What's unique about the water and sanitation "disaster" is that we have the solutions now. We don't have to wait for a cure and we don't need a silver bullet. Organizations implement sustainable water and sanitation projects everyday. What is needed is for these efforts to receive more resources and renown.

This "do-ability" is perhaps the most important reason we should pay attention to water and sanitation. The other reason is that -- as we instinctively know -- water (and sanitation) is at the heart of everything we do in life. We can live without food for weeks. We will die without water in a matter of days. Water and sanitation are central to health, education and commerce.

In the weeks leading up to World Water Day (March 22) a wide range of happenings ratcheted up the response to the ongoing water and sanitation disaster.

* UNICEF's Tap Project is raising funds for water and sanitation projects in cooperation with restaurants across the country.

* The UN's "stand up so others can sit down" event focused on the taboo subject of going to the toilet and how 40% of humanity can't do that in a safe, secure way.

* The Water, Sanitation, and Hygiene (WASH)-in-Schools Initiative is addressing the problem that 50% of schools in the developing world lack water and sanitation

These activities demonstrate that everyone can do something to help a global neighbor who suffers needlessly from diseases associated with water and sanitation.

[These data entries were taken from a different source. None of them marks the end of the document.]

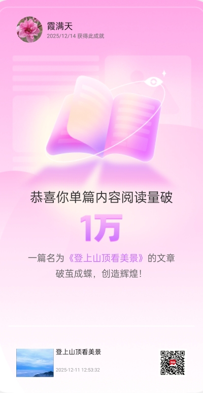 我的作品《登上山頂看美景》單篇閱讀量超過10000了
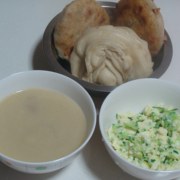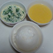 菠菜、鹌鹑蛋、细肠、盐、玉米渣、奶黄馒头。
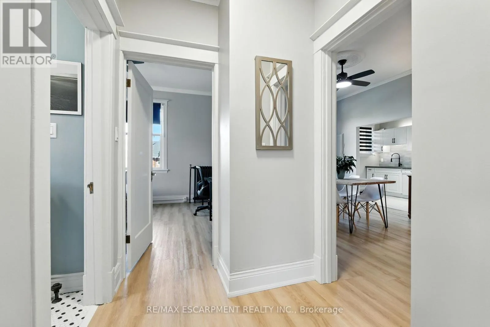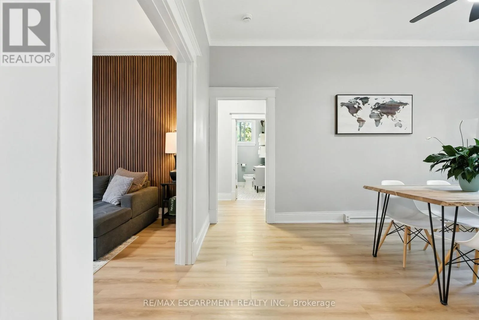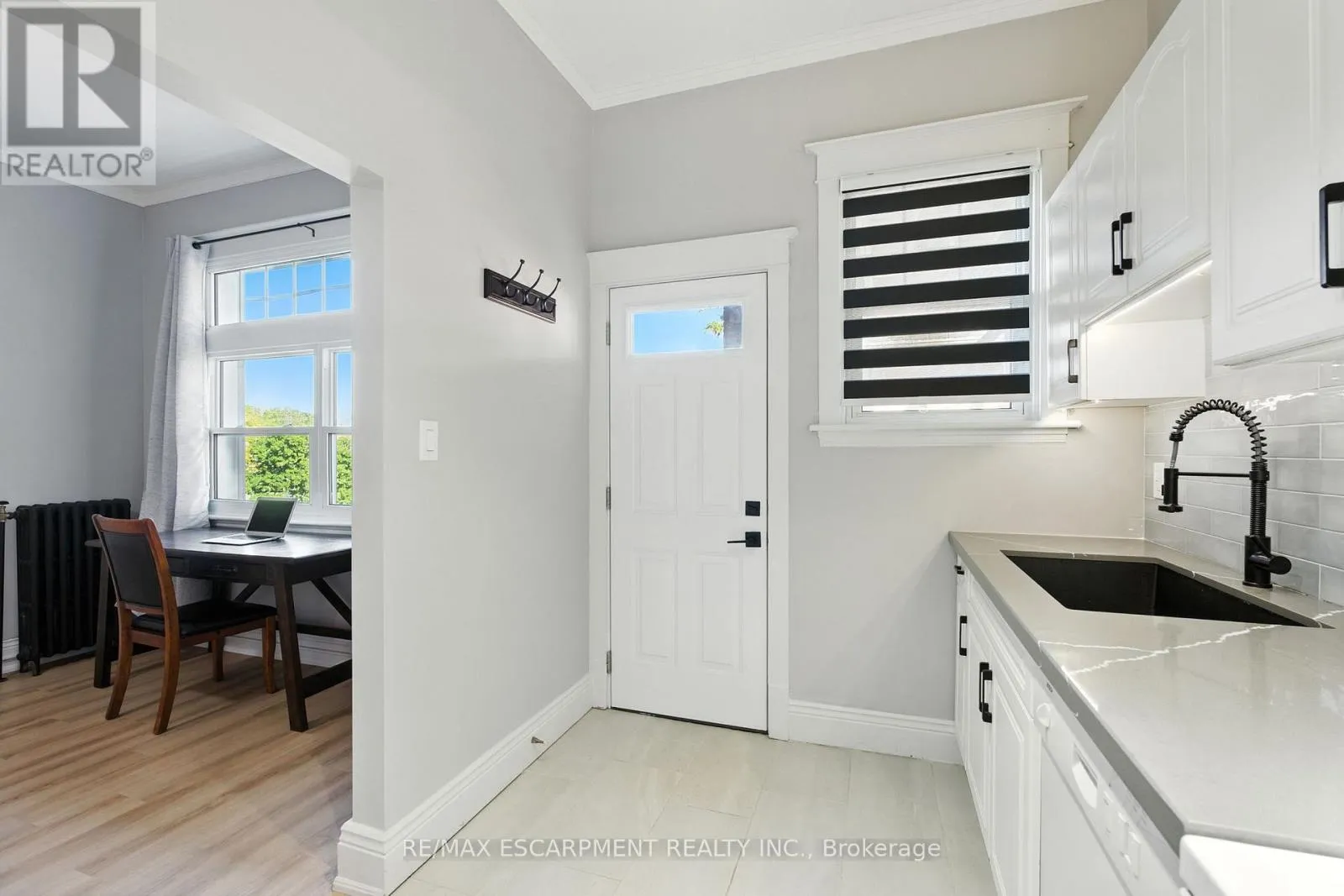 Brant Ave to Lorne Cres to Dufferin Ave Welcome to 54 Dufferin Avenue, where timeless character meets modern style. This newly updated condo offers a rare opportunity to live in one of Brantford's most sought-after and historic neighbourhoods, blending the beauty of early 1900s architecture with today's conveniences. Inside, you'll find nearly 1,000 square feet of thoughtfully designed living space. High ceilings, oversized windows and classic details like crown moulding and original hardware give the unit a sophisticated feel, while the updates make it completely move-in ready. The kitchen features quartz countertops, subway tile backsplash, valance lighting and plenty of prep space. The bathroom has been fully refreshed with a new vanity and timeless penny tile flooring that ties back to the home's 1910 heritage. Durable vinyl flooring runs throughout for a clean, modern look. The spacious living room overlooks the beautifully landscaped courtyard - perfect for relaxing after work or hosting friends. Beyond your front door, you'll love being steps away from parks, walking trails and nearby pickleball courts, as well as downtown shops, restaurants and schools. With easy access to Hwy 403 and public transit, this location makes it simple to balance work, play and everyday convenience. Offering heritage appeal, modern upgrades and a vibrant community setting, this condo is the ideal first step into homeownership in one of Brantford's most desirable areas. RSA. (id:27476)

In my former work in Africa with Action Against Hunger, I saw firsthand what happened when communities and schools received access to safe drinking water and sanitation: children could attend school; moms no longer had to haul water for miles and had more time to care for their children; a myriad number of disease no longer plagued communities.

At the launch of the Tap Project at the Hearst Tower in NYC, UNICEF Ambassador Lucy Liu said, "I want 'water' to not be a noun; I want it to be an action." Lucy took action by making a video about the drinking water crisis in Ivory Coast.

This World Water Day, let's follow the lead of all those already taking action and think how we ourselves can be a part of the solution too.